Task to carry out:
Copy the listing below letter for letter, passing over each picture.

Available data:
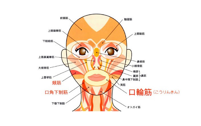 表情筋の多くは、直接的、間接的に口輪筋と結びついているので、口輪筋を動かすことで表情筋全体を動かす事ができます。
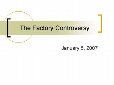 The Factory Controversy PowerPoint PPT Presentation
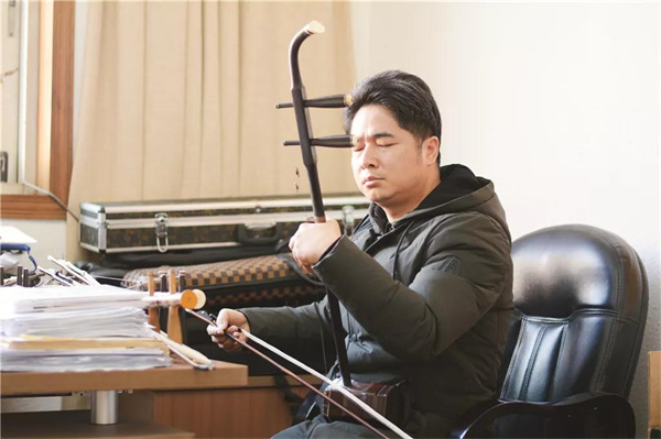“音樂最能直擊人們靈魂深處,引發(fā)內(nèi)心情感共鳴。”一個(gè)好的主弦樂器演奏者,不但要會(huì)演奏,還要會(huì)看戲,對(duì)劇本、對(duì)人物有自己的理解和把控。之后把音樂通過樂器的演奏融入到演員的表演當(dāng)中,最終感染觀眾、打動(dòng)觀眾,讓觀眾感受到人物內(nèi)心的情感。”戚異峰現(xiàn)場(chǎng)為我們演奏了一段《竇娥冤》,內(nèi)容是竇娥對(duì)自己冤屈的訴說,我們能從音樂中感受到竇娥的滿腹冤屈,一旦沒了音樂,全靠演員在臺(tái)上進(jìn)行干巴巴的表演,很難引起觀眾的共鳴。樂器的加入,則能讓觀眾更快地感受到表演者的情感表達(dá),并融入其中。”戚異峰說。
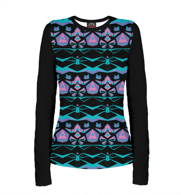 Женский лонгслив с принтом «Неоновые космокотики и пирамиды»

Answer to the problem:
 表情筋の多くは、直接的、間接的に口輪筋と結びついているので、口輪筋を動かすことで表情筋全体を動かす事ができます。
 The Factory Controversy PowerPoint PPT Presentation
“音樂最能直擊人們靈魂深處,引發(fā)內(nèi)心情感共鳴。”一個(gè)好的主弦樂器演奏者,不但要會(huì)演奏,還要會(huì)看戲,對(duì)劇本、對(duì)人物有自己的理解和把控。之后把音樂通過樂器的演奏融入到演員的表演當(dāng)中,最終感染觀眾、打動(dòng)觀眾,讓觀眾感受到人物內(nèi)心的情感。”戚異峰現(xiàn)場(chǎng)為我們演奏了一段《竇娥冤》,內(nèi)容是竇娥對(duì)自己冤屈的訴說,我們能從音樂中感受到竇娥的滿腹冤屈,一旦沒了音樂,全靠演員在臺(tái)上進(jìn)行干巴巴的表演,很難引起觀眾的共鳴。樂器的加入,則能讓觀眾更快地感受到表演者的情感表達(dá),并融入其中。”戚異峰說。
 Женский лонгслив с принтом «Неоновые космокотики и пирамиды»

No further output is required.